Problem details >>
Copy exactly, from the beginning of the material below, every line up to and including the one holding "All keys in", with the pictures left out.

Supplied data >>

---

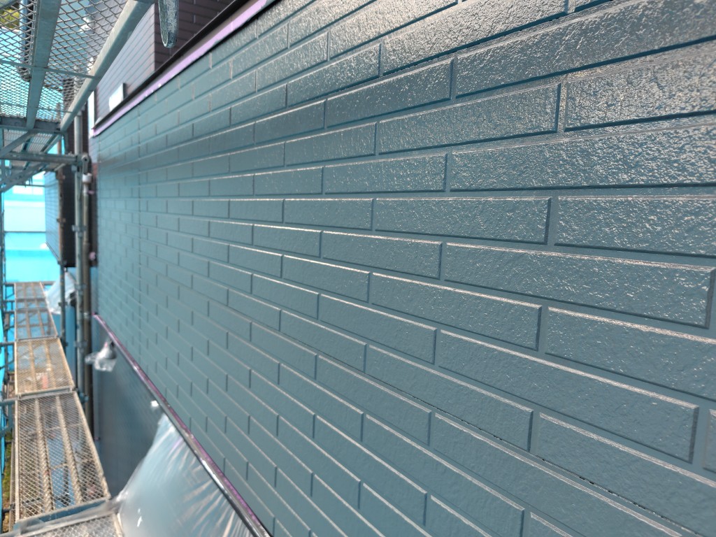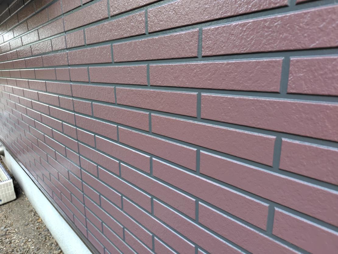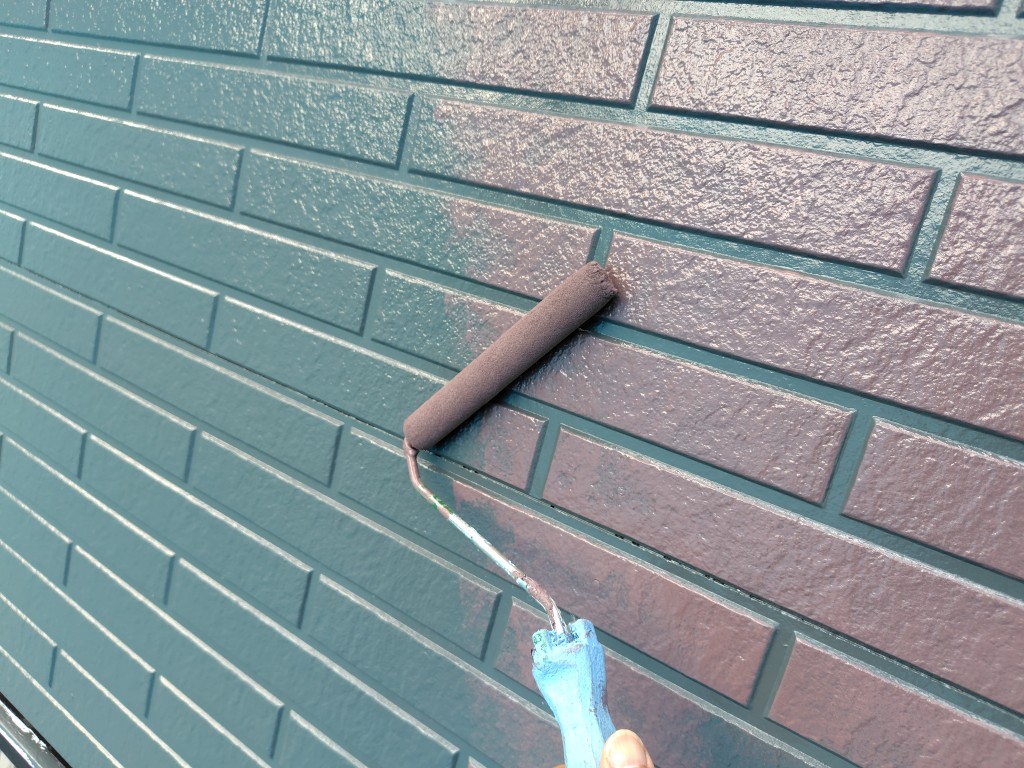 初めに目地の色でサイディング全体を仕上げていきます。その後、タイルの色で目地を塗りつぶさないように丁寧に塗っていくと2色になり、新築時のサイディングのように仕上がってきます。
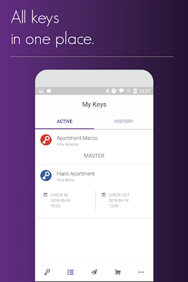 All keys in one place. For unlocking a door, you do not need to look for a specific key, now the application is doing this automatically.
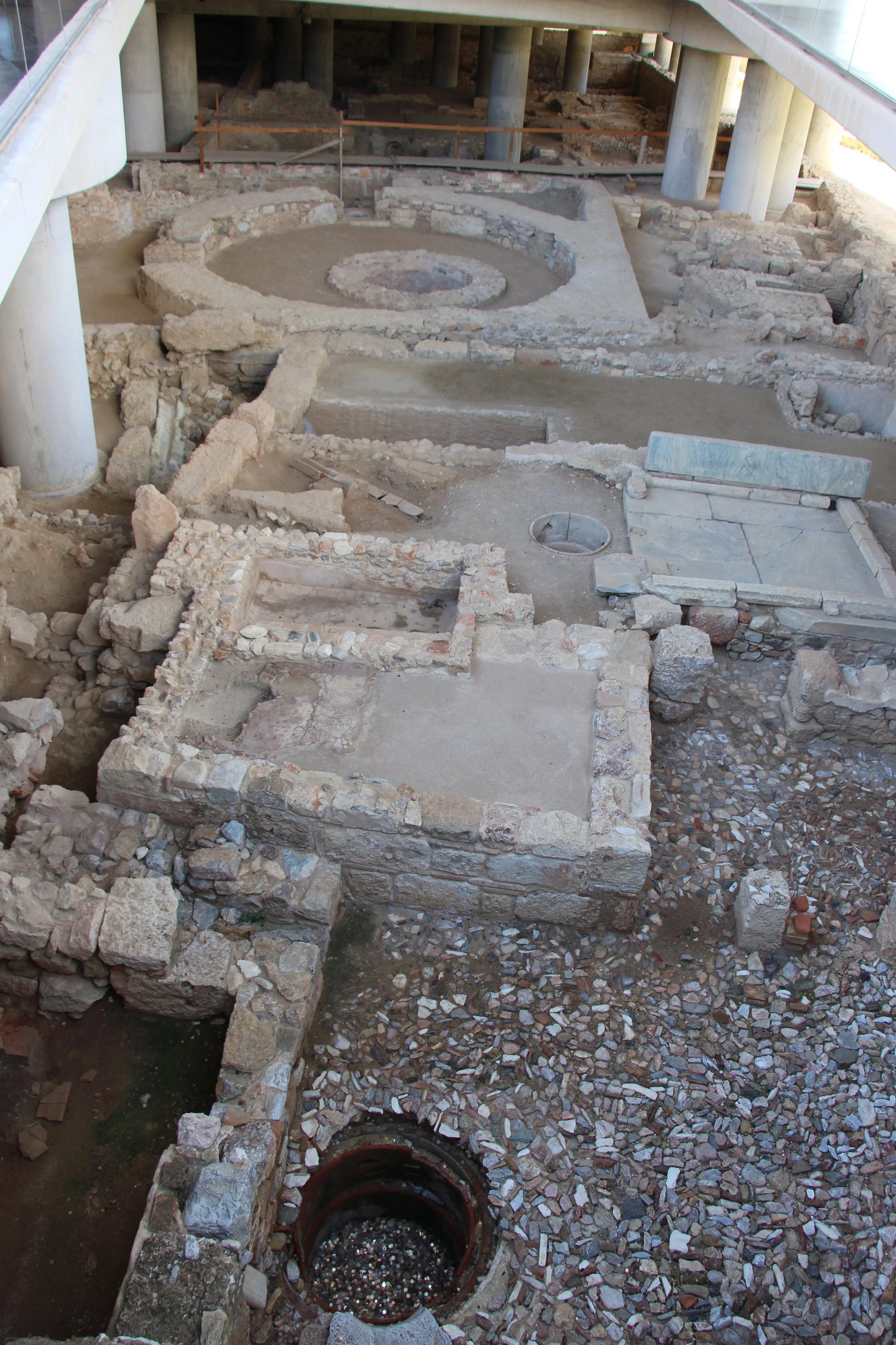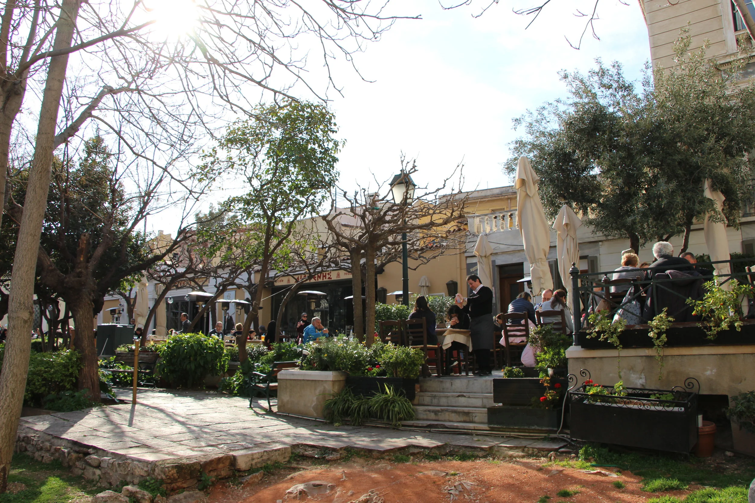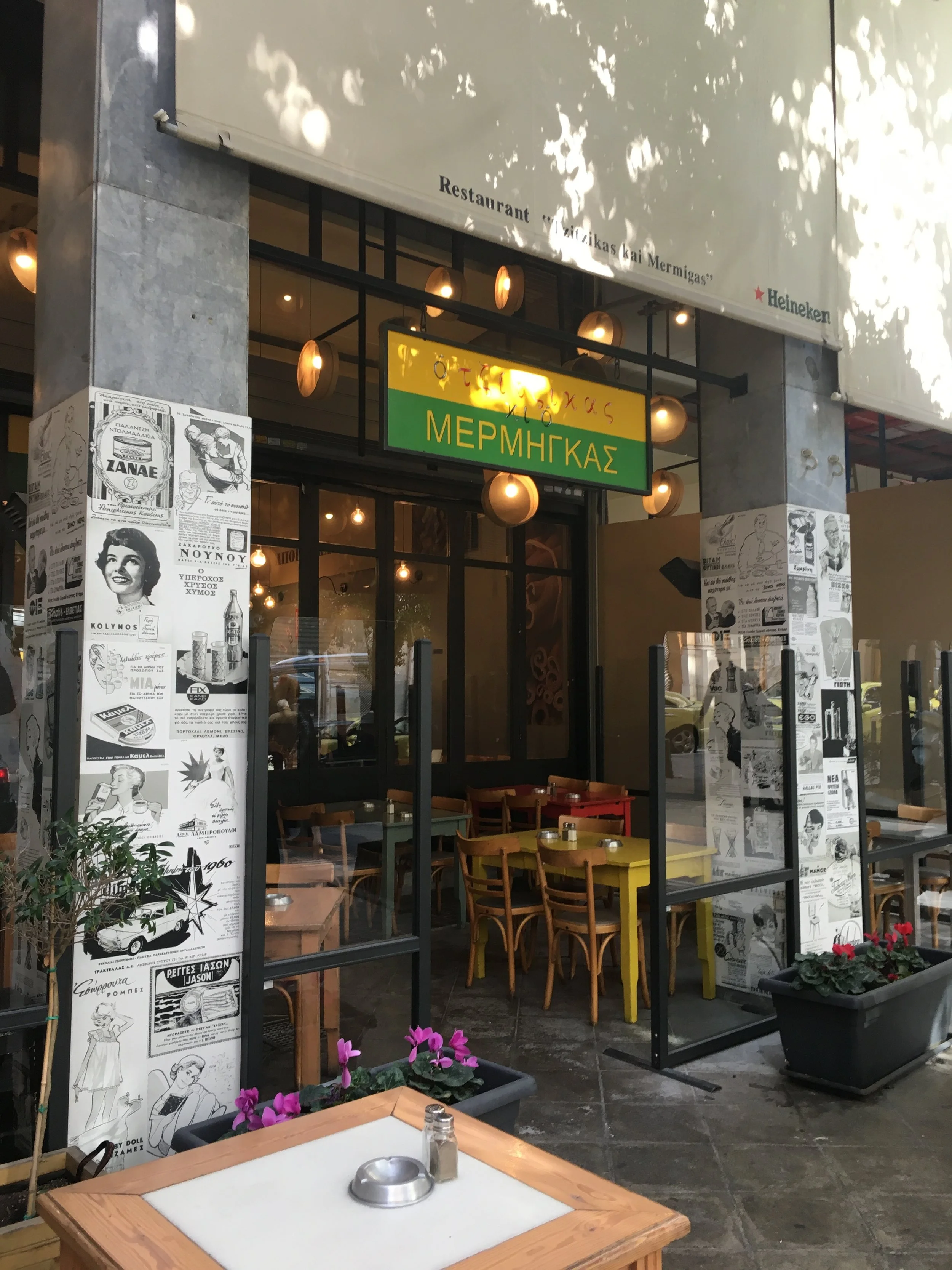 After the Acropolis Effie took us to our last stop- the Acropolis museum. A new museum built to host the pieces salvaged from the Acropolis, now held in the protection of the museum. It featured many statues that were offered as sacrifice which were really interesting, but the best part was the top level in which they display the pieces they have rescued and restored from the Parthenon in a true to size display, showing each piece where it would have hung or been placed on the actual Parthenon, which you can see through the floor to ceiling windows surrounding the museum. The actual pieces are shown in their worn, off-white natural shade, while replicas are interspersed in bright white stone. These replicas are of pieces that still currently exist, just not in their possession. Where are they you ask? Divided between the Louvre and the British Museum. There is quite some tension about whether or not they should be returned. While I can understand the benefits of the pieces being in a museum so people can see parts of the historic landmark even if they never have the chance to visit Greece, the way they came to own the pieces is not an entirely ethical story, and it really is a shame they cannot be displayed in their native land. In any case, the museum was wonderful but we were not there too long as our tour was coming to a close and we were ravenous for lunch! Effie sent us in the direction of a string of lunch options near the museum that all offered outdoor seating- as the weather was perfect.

---

Expected output >>
 初めに目地の色でサイディング全体を仕上げていきます。その後、タイルの色で目地を塗りつぶさないように丁寧に塗っていくと2色になり、新築時のサイディングのように仕上がってきます。
 All keys in one place. For unlocking a door, you do not need to look for a specific key, now the application is doing this automatically.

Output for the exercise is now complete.